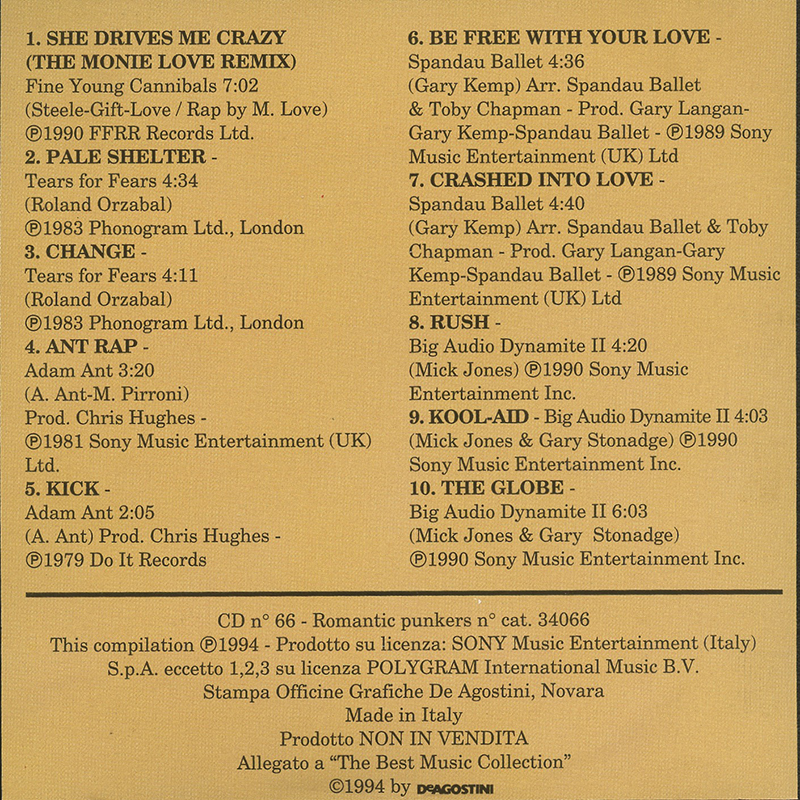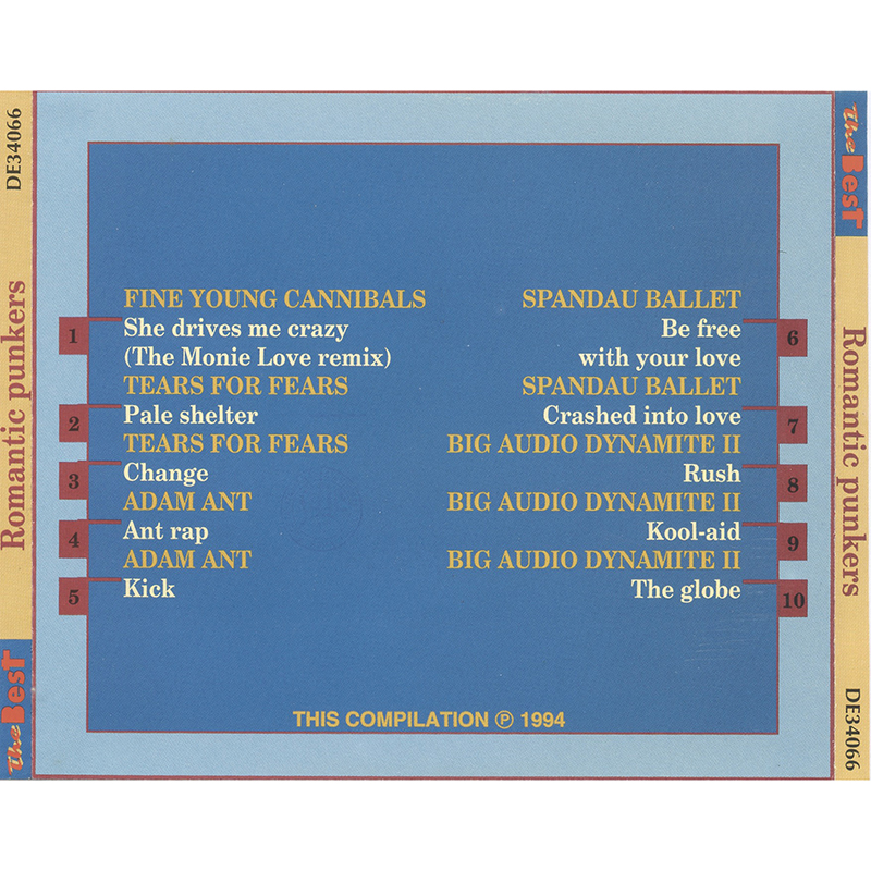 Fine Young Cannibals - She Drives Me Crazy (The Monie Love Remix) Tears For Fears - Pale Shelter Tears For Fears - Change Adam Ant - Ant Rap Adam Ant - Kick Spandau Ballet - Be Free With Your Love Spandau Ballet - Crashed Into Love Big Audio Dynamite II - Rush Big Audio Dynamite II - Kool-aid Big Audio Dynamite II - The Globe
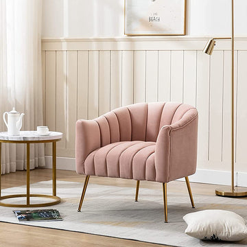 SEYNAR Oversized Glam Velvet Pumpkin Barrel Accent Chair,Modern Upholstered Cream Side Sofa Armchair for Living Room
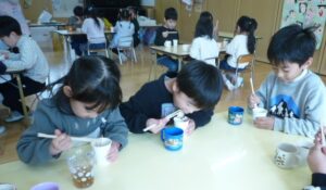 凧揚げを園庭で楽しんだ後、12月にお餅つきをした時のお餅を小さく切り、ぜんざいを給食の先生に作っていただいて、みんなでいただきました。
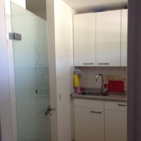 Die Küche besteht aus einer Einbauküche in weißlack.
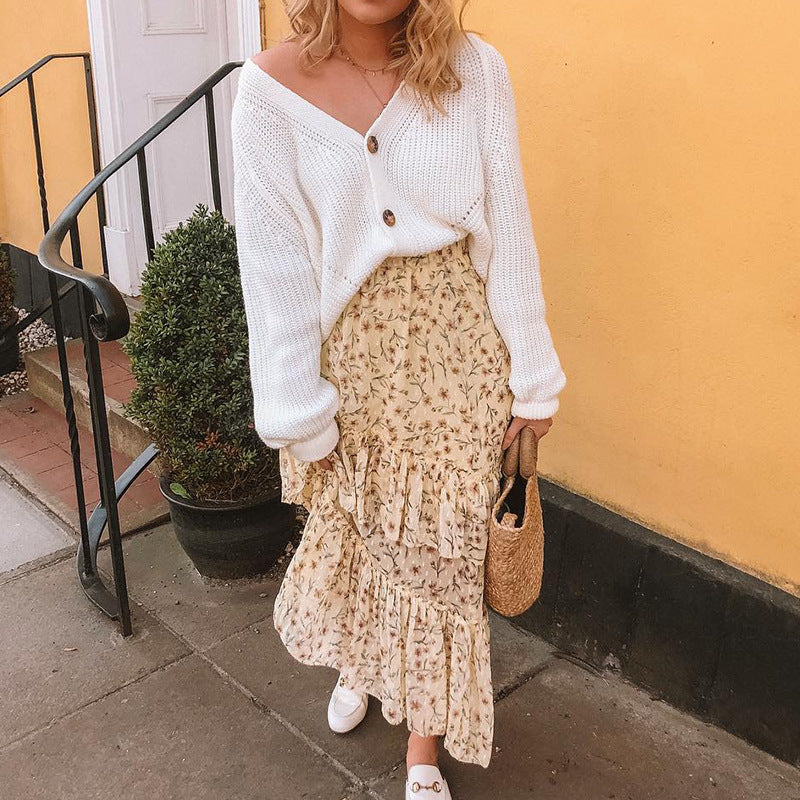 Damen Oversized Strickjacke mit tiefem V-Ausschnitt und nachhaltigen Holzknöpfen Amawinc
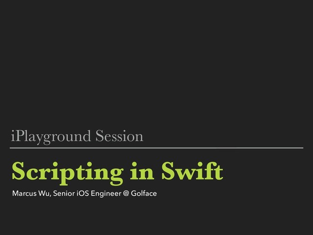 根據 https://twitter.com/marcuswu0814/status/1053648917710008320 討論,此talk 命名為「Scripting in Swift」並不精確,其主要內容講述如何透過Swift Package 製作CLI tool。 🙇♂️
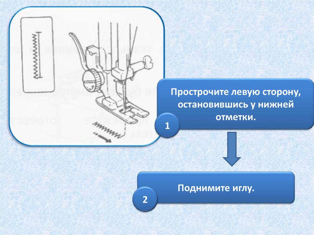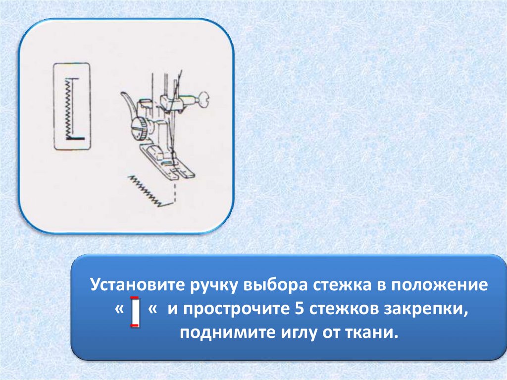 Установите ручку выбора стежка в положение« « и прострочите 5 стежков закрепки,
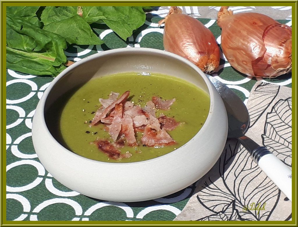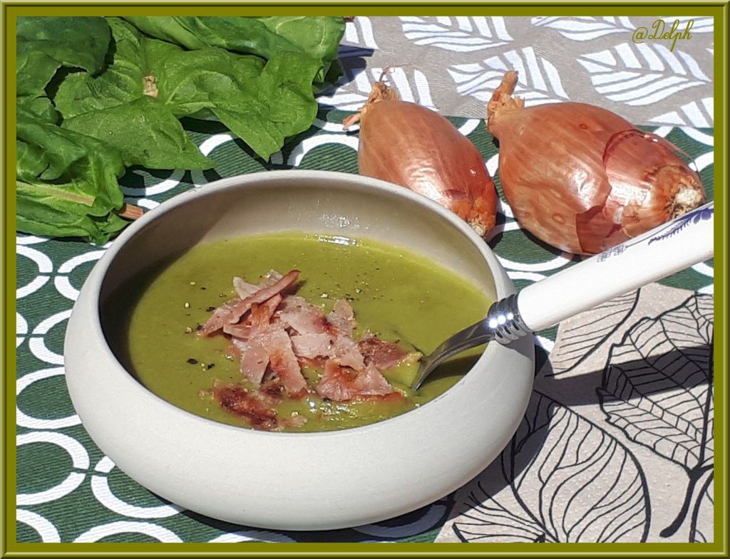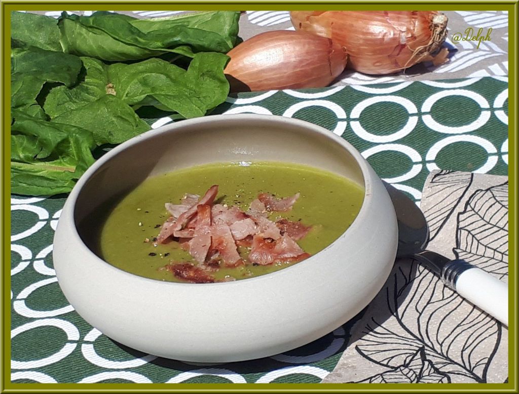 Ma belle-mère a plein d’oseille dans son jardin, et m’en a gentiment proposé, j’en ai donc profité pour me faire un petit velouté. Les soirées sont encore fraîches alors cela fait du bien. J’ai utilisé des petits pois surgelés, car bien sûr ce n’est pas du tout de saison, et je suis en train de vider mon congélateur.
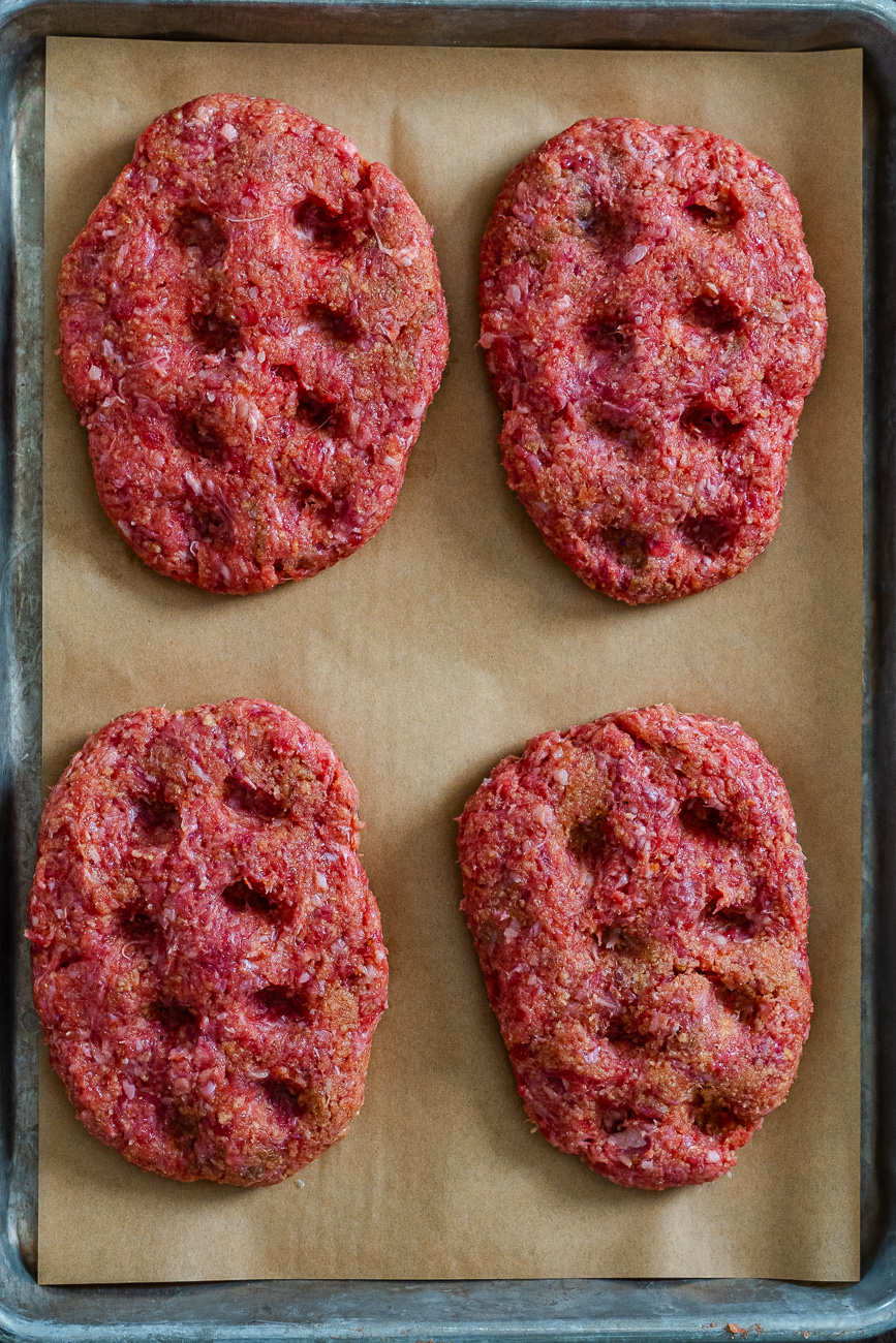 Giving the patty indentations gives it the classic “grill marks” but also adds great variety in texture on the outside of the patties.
##########
● Your objective
The range runs from the line containing "SEYNAR Oversized Glam" through the end of the entries; print those lines exactly and leave the pictures out.

● Answer section
 SEYNAR Oversized Glam Velvet Pumpkin Barrel Accent Chair,Modern Upholstered Cream Side Sofa Armchair for Living Room
 凧揚げを園庭で楽しんだ後、12月にお餅つきをした時のお餅を小さく切り、ぜんざいを給食の先生に作っていただいて、みんなでいただきました。
 Die Küche besteht aus einer Einbauküche in weißlack.
 Damen Oversized Strickjacke mit tiefem V-Ausschnitt und nachhaltigen Holzknöpfen Amawinc
 根據 https://twitter.com/marcuswu0814/status/1053648917710008320 討論,此talk 命名為「Scripting in Swift」並不精確,其主要內容講述如何透過Swift Package 製作CLI tool。 🙇♂️
 Установите ручку выбора стежка в положение« « и прострочите 5 стежков закрепки,
 Ma belle-mère a plein d’oseille dans son jardin, et m’en a gentiment proposé, j’en ai donc profité pour me faire un petit velouté. Les soirées sont encore fraîches alors cela fait du bien. J’ai utilisé des petits pois surgelés, car bien sûr ce n’est pas du tout de saison, et je suis en train de vider mon congélateur.
 Giving the patty indentations gives it the classic “grill marks” but also adds great variety in texture on the outside of the patties.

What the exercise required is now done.